The paper starts with a review of related works, focusing on existing metrics to measure and evaluate graph quality and allow an automatic evaluation of their quality after some changes. They identify several kinds of metrics, bearing either on syntax, semantics or pragmatics. This review has motivated their research because it underlines that most quality evaluation metrics and methods reflect the status of the ontology without considering its changes and evolution.
They also acknowledge that most available tools for an automatic ontology quality evaluation (like OntoMetric, DOORS et OQuaRE) perform a static evaluation of the KG or ontology quality, and do not account for the evaluation of changes in these models.

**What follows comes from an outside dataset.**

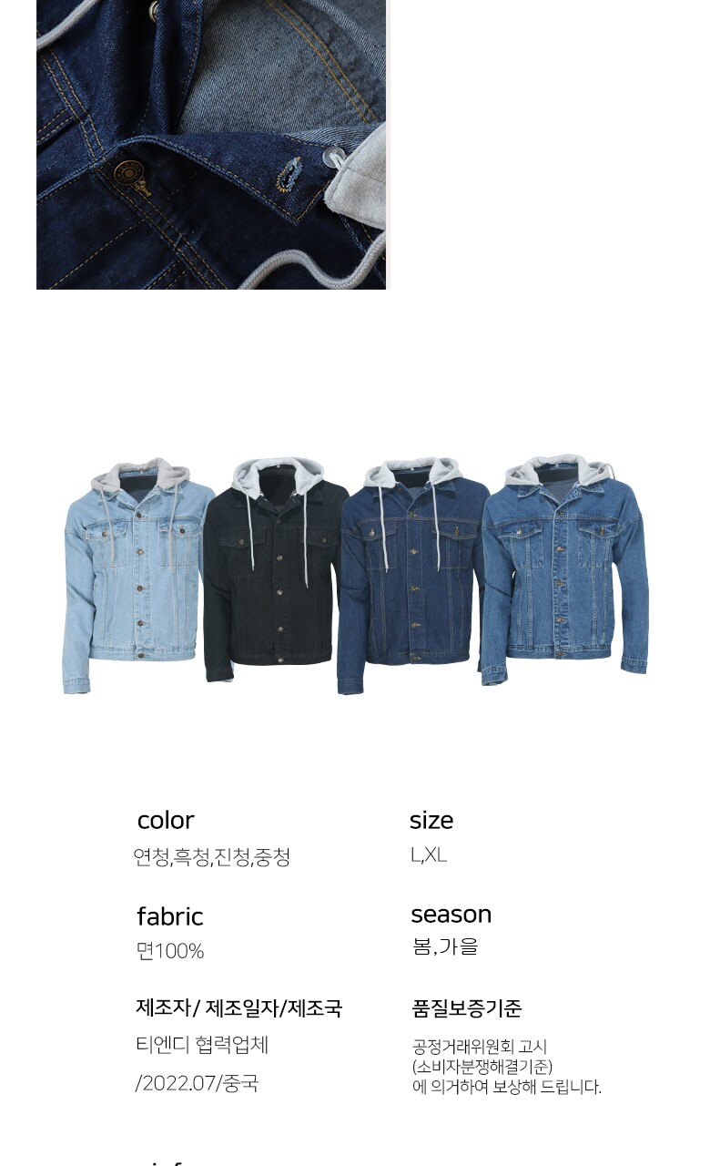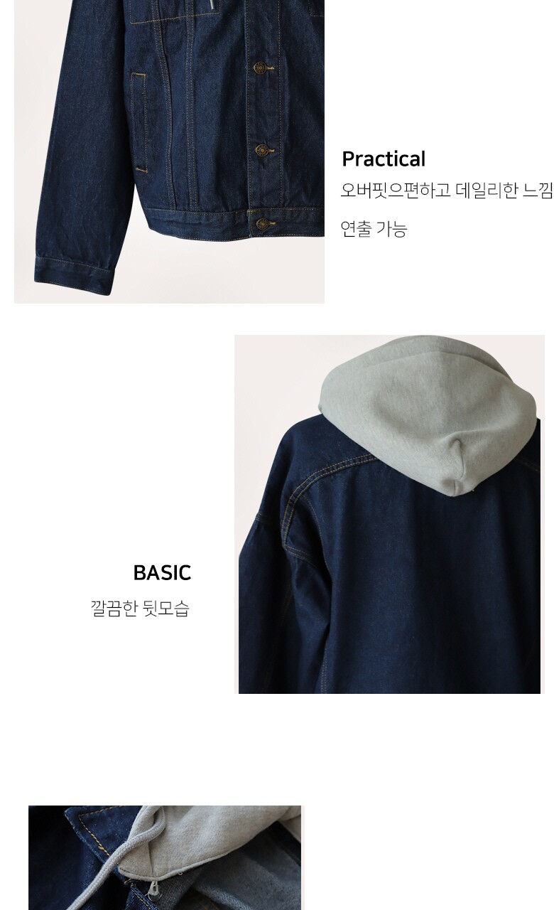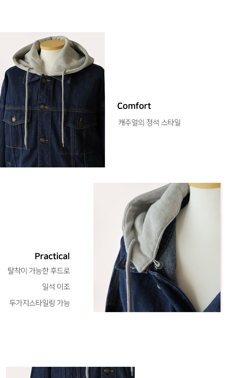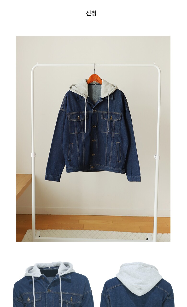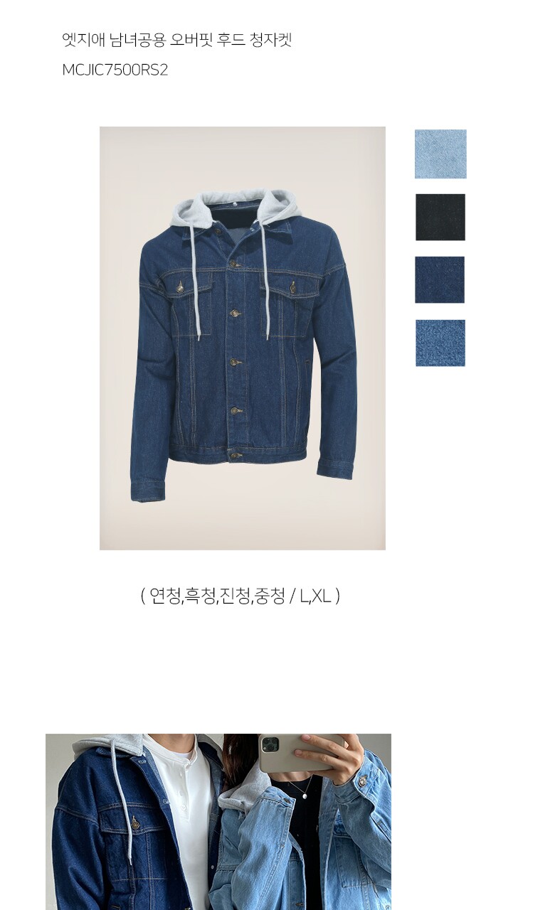 엣지애 남녀공용 오버핏 후드 청자켓 MCJIC7500RS2

They conclude that there is a the need for a new tool that would gather all quality and evolution metrics from various methods with a dynamic perspective, enabling to automatically measure if changes in the ontology or KG had a positive or a negative impact of its quality. Such metrics and tools could improve the management of ontology evolution, support the detection of changes that introduce errors or inconsistencies in the ontology
Then the paper presents the main two contributions: 2 sets of metrics (syntactic and semantic metrics) for assessing ontology quality adapted from the work by Mc Daniel et al, 2018. The syntactic feature evaluate formal quality of the graph and its structure, like the syntactic richness and structure. The adaptation of the syntactic features aims at normalizing the value of these features, and at integrating how much the graph is compliant with some rules, its richness and the hierarchical structure. The semantic features are modified in order to evaluate the semantic consistency, to evaluate how close the model reflects a domain by assessing its similarity with a reference text or resource. Another feature evaluates the interpretability of the model (through the number of labels and definitions) and a semantic F1 score.

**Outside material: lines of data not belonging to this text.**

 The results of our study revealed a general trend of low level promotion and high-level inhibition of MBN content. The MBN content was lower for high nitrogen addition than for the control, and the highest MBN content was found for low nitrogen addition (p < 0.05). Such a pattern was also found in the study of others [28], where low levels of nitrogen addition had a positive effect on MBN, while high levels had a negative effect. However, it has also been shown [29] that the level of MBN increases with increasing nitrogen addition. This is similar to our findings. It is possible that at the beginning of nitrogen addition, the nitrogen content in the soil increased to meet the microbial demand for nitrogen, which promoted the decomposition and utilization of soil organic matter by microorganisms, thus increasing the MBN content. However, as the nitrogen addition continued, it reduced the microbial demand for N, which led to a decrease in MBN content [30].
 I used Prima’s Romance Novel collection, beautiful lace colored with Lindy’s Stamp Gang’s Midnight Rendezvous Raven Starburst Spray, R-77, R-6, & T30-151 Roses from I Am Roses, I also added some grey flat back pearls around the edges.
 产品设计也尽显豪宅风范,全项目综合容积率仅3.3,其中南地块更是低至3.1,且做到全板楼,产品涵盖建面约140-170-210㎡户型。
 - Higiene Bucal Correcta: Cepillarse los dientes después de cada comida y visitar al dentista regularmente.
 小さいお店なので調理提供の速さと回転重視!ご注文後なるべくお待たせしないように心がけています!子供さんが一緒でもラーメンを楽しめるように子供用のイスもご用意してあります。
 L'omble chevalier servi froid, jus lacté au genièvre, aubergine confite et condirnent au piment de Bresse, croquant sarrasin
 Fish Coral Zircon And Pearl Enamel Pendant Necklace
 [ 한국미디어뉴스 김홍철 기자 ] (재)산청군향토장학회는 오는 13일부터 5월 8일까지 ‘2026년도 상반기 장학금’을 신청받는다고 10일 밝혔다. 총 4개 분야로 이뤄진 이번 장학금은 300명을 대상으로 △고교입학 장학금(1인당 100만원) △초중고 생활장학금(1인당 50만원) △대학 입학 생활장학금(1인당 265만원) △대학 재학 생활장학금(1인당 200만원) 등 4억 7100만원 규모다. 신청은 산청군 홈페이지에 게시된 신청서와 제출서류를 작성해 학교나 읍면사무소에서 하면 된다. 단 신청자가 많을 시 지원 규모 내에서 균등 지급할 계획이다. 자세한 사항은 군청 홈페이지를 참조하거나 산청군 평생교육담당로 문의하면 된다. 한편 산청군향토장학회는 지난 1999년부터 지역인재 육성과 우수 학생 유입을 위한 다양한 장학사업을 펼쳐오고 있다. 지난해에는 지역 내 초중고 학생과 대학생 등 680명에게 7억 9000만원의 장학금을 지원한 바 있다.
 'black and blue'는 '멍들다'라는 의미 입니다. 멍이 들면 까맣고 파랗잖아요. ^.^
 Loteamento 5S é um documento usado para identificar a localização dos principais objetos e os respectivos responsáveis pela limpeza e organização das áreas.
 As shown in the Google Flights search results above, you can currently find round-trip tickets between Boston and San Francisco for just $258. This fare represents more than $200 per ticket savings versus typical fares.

The second part of the contribution is the experimental validation of the metrics. The evaluation setup includes testing the metrics thanks using 4 knowledge graphs extracted from the following 4 knowledge graphs: a small example taken from ESCO ontology, ESCO itself, MeSH and the Pizza Ontology. 3 sub-graphs are extracted from ESCO and 3 from MESH. 2 experiments are performed to evaluate 2 hypotheses so as to test the relevance of the syntactic and semantic metrics: H1 assumes that removing information from the KG decreases the syntactic scores; H2 expects semantic scores to be impacted (decreased) after randomly changing the labels of leaf nodes in the graph hierarchy. For the 4 graphs, the reference resource to evaluate semantic consistency is Wikipedia. The similarity between graph labels and Wikipedia pages is measured using BERT? e generic encoder model.

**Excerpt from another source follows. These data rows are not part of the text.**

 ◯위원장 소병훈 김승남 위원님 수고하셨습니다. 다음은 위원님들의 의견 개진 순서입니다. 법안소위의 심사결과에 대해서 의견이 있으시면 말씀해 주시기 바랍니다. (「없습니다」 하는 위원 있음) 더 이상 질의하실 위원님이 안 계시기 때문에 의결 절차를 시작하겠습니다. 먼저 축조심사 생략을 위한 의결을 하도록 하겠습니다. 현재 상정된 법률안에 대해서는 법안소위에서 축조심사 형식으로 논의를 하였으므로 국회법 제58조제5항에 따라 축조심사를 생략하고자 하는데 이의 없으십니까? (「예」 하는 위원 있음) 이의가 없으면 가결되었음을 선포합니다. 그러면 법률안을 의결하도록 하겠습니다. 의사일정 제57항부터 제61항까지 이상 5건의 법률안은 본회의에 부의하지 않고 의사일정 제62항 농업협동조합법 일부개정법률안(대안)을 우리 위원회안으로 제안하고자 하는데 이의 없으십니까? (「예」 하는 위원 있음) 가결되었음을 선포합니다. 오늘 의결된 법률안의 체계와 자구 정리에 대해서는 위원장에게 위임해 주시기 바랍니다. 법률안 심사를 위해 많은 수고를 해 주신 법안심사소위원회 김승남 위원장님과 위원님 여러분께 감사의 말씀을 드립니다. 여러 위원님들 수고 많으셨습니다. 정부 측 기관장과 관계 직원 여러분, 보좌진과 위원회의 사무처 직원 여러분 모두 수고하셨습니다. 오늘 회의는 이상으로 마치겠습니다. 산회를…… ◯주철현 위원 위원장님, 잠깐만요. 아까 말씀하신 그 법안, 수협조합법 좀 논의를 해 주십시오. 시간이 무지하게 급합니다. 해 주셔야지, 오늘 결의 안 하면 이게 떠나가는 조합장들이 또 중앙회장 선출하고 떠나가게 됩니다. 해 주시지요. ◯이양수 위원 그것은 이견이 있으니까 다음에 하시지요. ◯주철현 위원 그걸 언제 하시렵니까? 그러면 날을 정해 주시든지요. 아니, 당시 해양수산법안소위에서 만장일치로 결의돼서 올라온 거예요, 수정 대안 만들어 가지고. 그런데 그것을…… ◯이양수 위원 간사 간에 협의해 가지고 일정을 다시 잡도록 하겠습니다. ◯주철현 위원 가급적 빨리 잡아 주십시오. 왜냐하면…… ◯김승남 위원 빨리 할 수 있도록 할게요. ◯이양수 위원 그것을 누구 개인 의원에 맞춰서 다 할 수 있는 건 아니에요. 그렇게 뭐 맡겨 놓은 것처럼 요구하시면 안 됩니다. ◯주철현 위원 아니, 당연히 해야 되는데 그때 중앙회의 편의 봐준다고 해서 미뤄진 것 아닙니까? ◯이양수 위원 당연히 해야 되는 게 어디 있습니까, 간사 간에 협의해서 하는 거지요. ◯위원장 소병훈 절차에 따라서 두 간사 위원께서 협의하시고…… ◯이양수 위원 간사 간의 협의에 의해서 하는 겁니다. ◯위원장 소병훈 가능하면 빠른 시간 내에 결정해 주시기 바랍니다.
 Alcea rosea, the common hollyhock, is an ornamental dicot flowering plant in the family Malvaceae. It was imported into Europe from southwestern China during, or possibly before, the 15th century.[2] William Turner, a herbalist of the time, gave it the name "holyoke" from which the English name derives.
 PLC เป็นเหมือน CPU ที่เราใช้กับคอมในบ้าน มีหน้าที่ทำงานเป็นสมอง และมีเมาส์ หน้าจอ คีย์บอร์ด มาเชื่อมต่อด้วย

For each tested graph, 3 values are compared: the ground truth values of the metrics are calculated on the graph before any change is made; H1 values are calculated after removing labels, and H2 values are measured after randomly changing the labels of leaf nodes.
Results are rather similar for the 4 graphs, except the semantic metric for the MESH graph. Experiments clearly confirm hypothesis H1 whereas H2 is more complex to assert. Surprisingly, the semantic quality is better after changing labels in MESH. This result confirms that specialized graphs would require a specialized reference source rather than Wikipedia, and a specialized language model (like Med-BERT) rather than a generic one like BERT.
The paper concludes that specific measures are required to evaluate the quality of knowledge graphs during their evolution. Results confirm that information suppression reduces syntactic quality, whereas changing the semantic quality has different impact depending on the degree of specialization of the graph. Future works include using specialized reference resources and domain specific language models for domain specific knowledge graphs.
** Strengths of the paper:
. deal with an important issue in KG engineering: design a support tool to maintain the KG quality when changed
. this issue is not much studied in the state of the art, which makes the paper quite original.
. very large coverage of the state of the art
. on average clear and well presented, although some parts are not clear enough.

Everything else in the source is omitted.